> **Information provided**
----------------------------------------

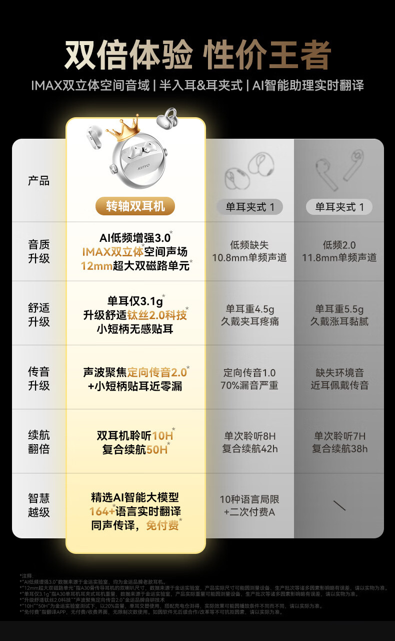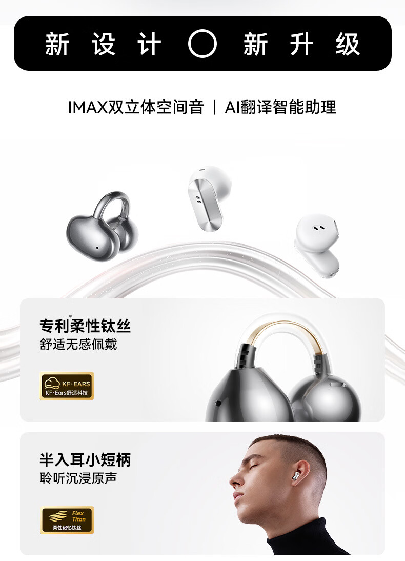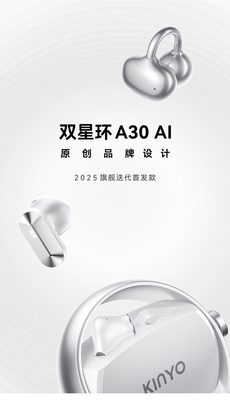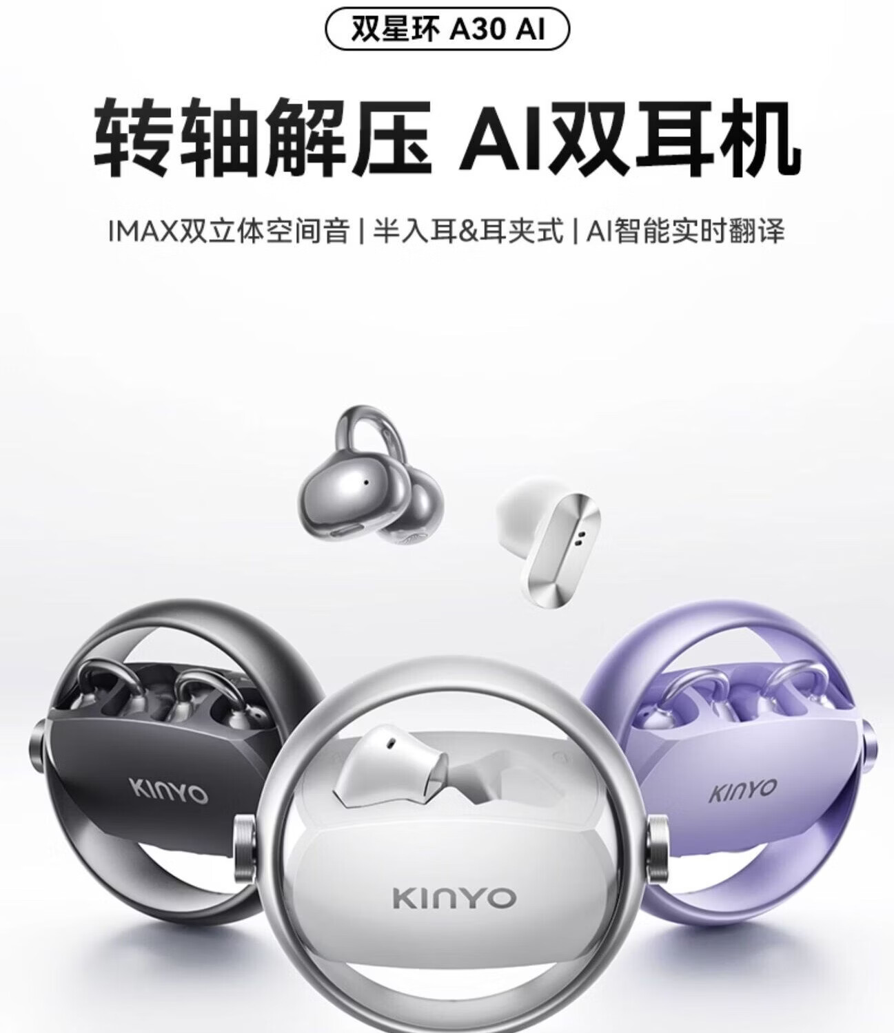 KINYO金运【柏林之声|ai两副耳机】2026新款蓝牙耳机无线耳夹式半入耳骨传导概念超长续航A30翻译 紫色
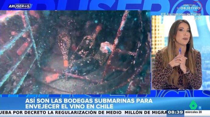 Se trata de una iniciativa que une a una asociación de bodegas con una empresa de buceo. El proceso consiste en sumergir, entre 10 y 20 metros bajo el mar, unas jaulas metálicas donde el vino envejece de forma progresiva. Según explica la tertuliana, cuando las botellas salen a la superficie "los taninos son más sedosos, suaves y el vino adquiere un cuerpo mucho más elegante".
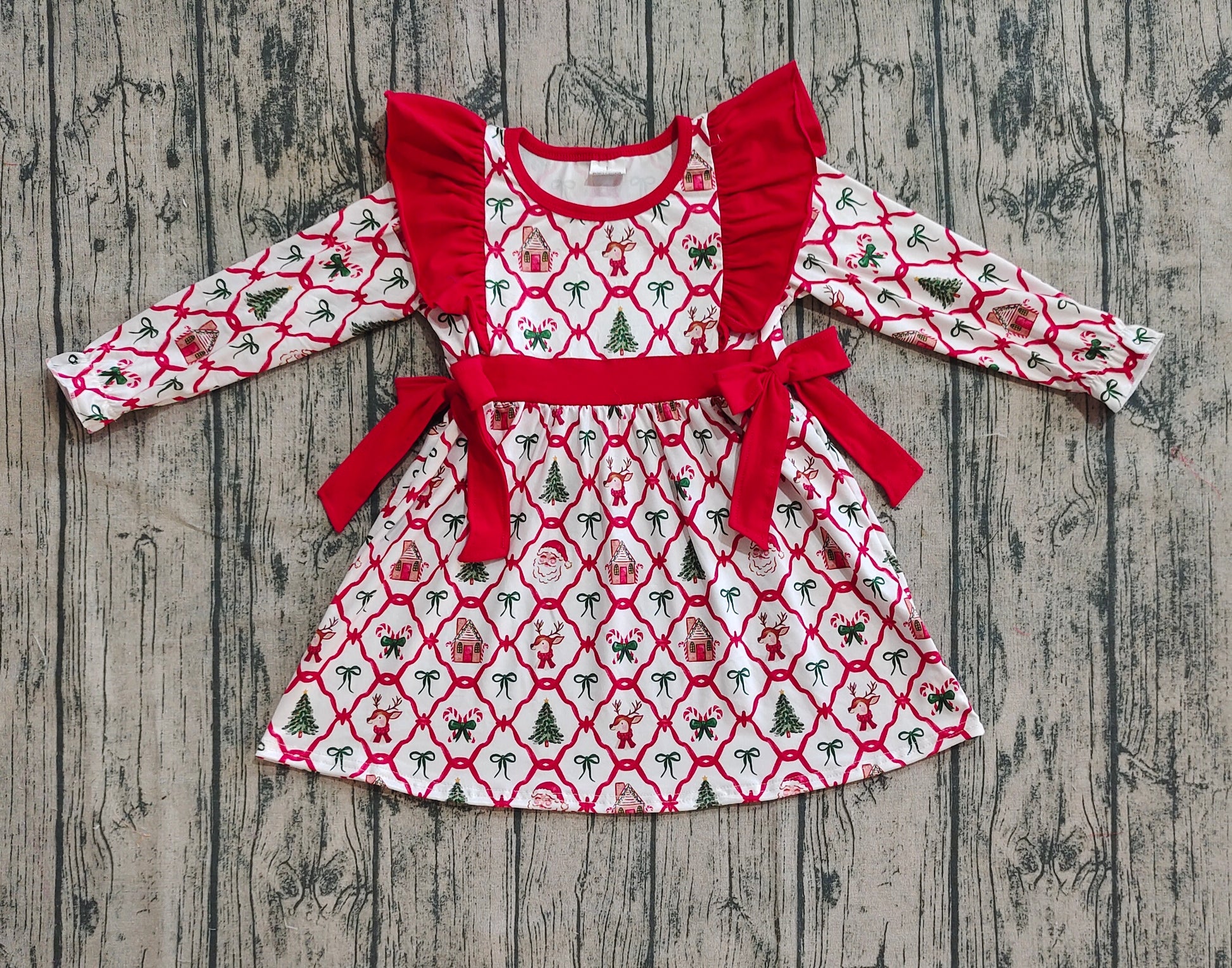 Baby Girls Christmas Deers Bows Trees Knee Length Dresses
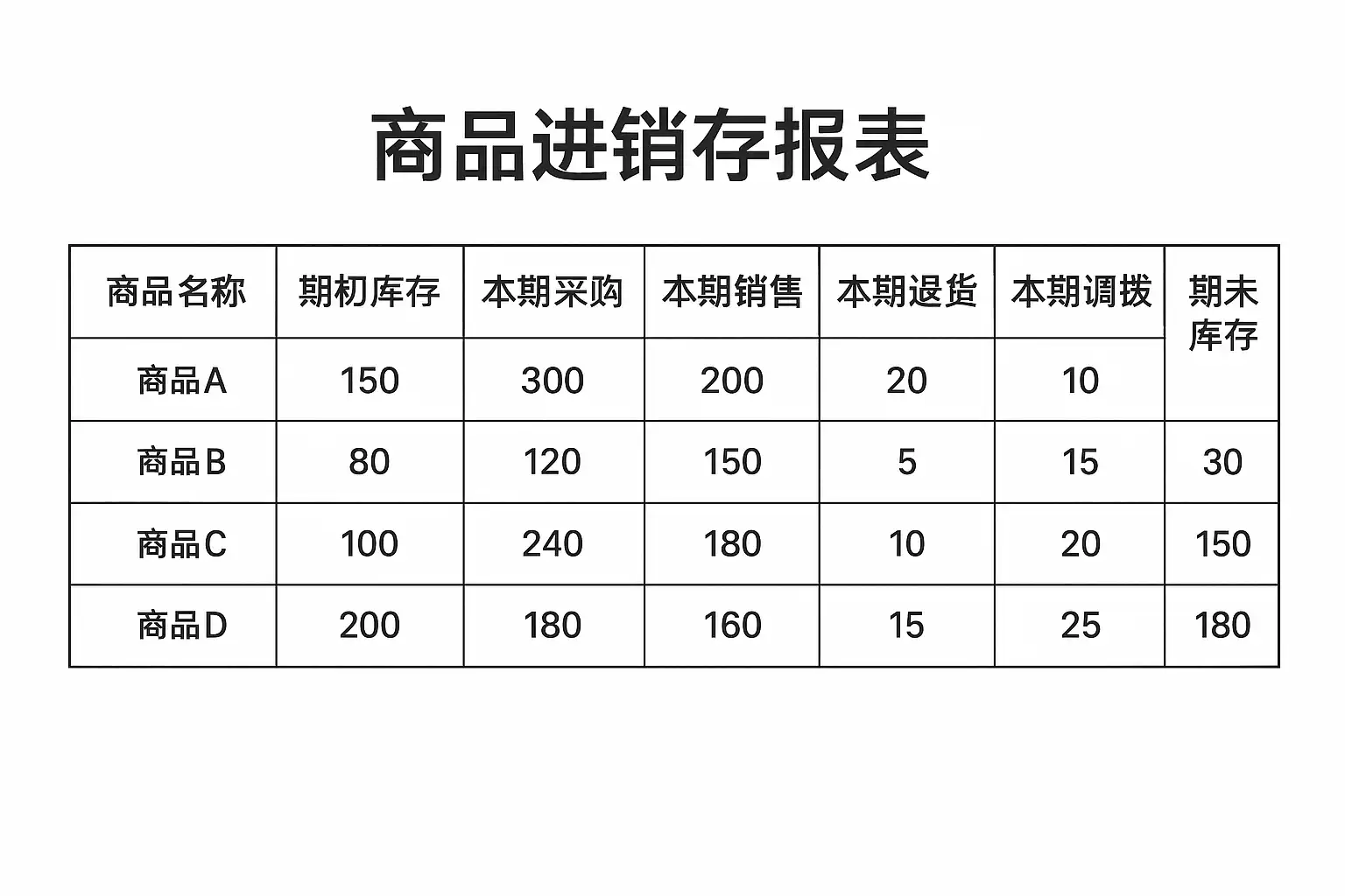 | 期末库存数量 | 报表周期结束时实际剩余库存 |

----------------------------------------

> **What needs to be done**
Return the material above in exact form. Pictures stay out.

> **Written solution**
 KINYO金运【柏林之声|ai两副耳机】2026新款蓝牙耳机无线耳夹式半入耳骨传导概念超长续航A30翻译 紫色
 Se trata de una iniciativa que une a una asociación de bodegas con una empresa de buceo. El proceso consiste en sumergir, entre 10 y 20 metros bajo el mar, unas jaulas metálicas donde el vino envejece de forma progresiva. Según explica la tertuliana, cuando las botellas salen a la superficie "los taninos son más sedosos, suaves y el vino adquiere un cuerpo mucho más elegante".
 Baby Girls Christmas Deers Bows Trees Knee Length Dresses
 | 期末库存数量 | 报表周期结束时实际剩余库存 |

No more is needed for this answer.